- What you need to do -
From the line containing "心を合わせて気持ちよく演奏" down to the final line of the entries below, quote every line verbatim. Exclude pictures.

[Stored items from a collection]

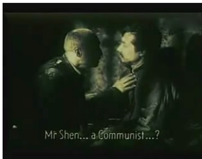
Image 5. Shen Yuan se présentant au policier sous son identité communiste 56
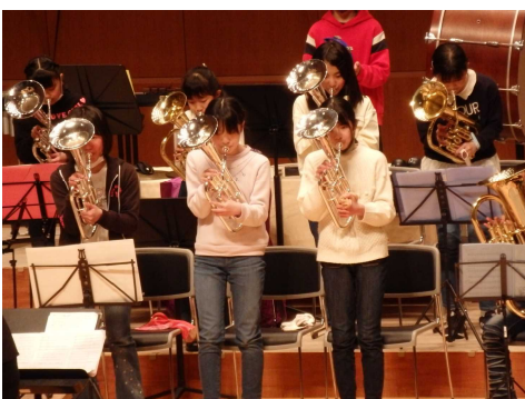
心を合わせて気持ちよく演奏

ところが、1月中旬に上田市の感染警戒レベルが4になり、部活動が中止となってしまいました。それでも、あきらめずに個人練習を続け、開催できることを祈っていました。ようやく2月に部活動が再開され、2週間の遅れを取り戻そうと集中して頑張りました。
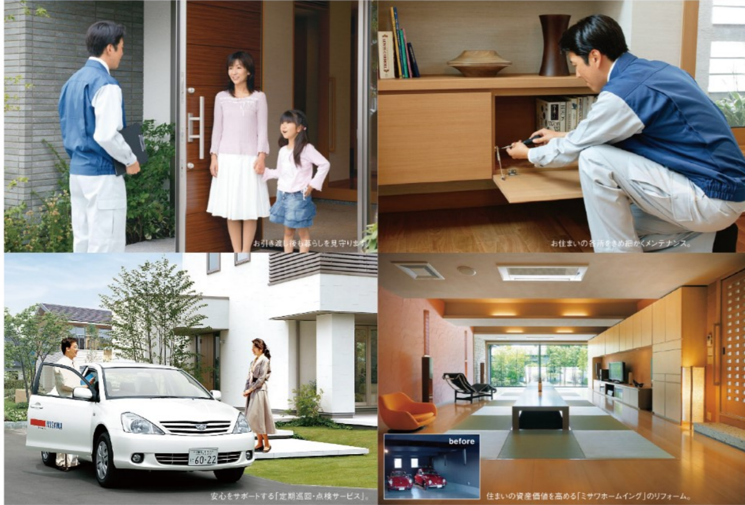
お引渡し後も暮らしを見守ります。

住まいを通じて生涯のおつきあい。 ミサワホームは先々まで、ご家族と住まいを見守ります。
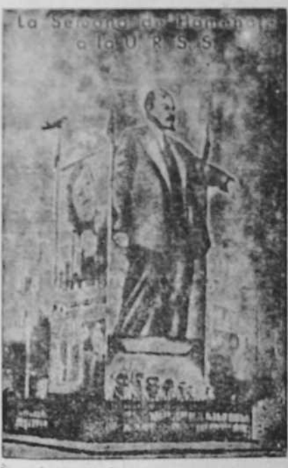
La Sección de Propaganda de la U.R.S.S. (Caption for the photograph of the man in the suit).

serio oficial hubo alusiones a Rusia, en el sermón del día... (Text continues with commentary on a speech or sermon mentioning Russia).

- Answer to this problem -
心を合わせて気持ちよく演奏

ところが、1月中旬に上田市の感染警戒レベルが4になり、部活動が中止となってしまいました。それでも、あきらめずに個人練習を続け、開催できることを祈っていました。ようやく2月に部活動が再開され、2週間の遅れを取り戻そうと集中して頑張りました。
お引渡し後も暮らしを見守ります。

住まいを通じて生涯のおつきあい。 ミサワホームは先々まで、ご家族と住まいを見守ります。
La Sección de Propaganda de la U.R.S.S. (Caption for the photograph of the man in the suit).

serio oficial hubo alusiones a Rusia, en el sermón del día... (Text continues with commentary on a speech or sermon mentioning Russia).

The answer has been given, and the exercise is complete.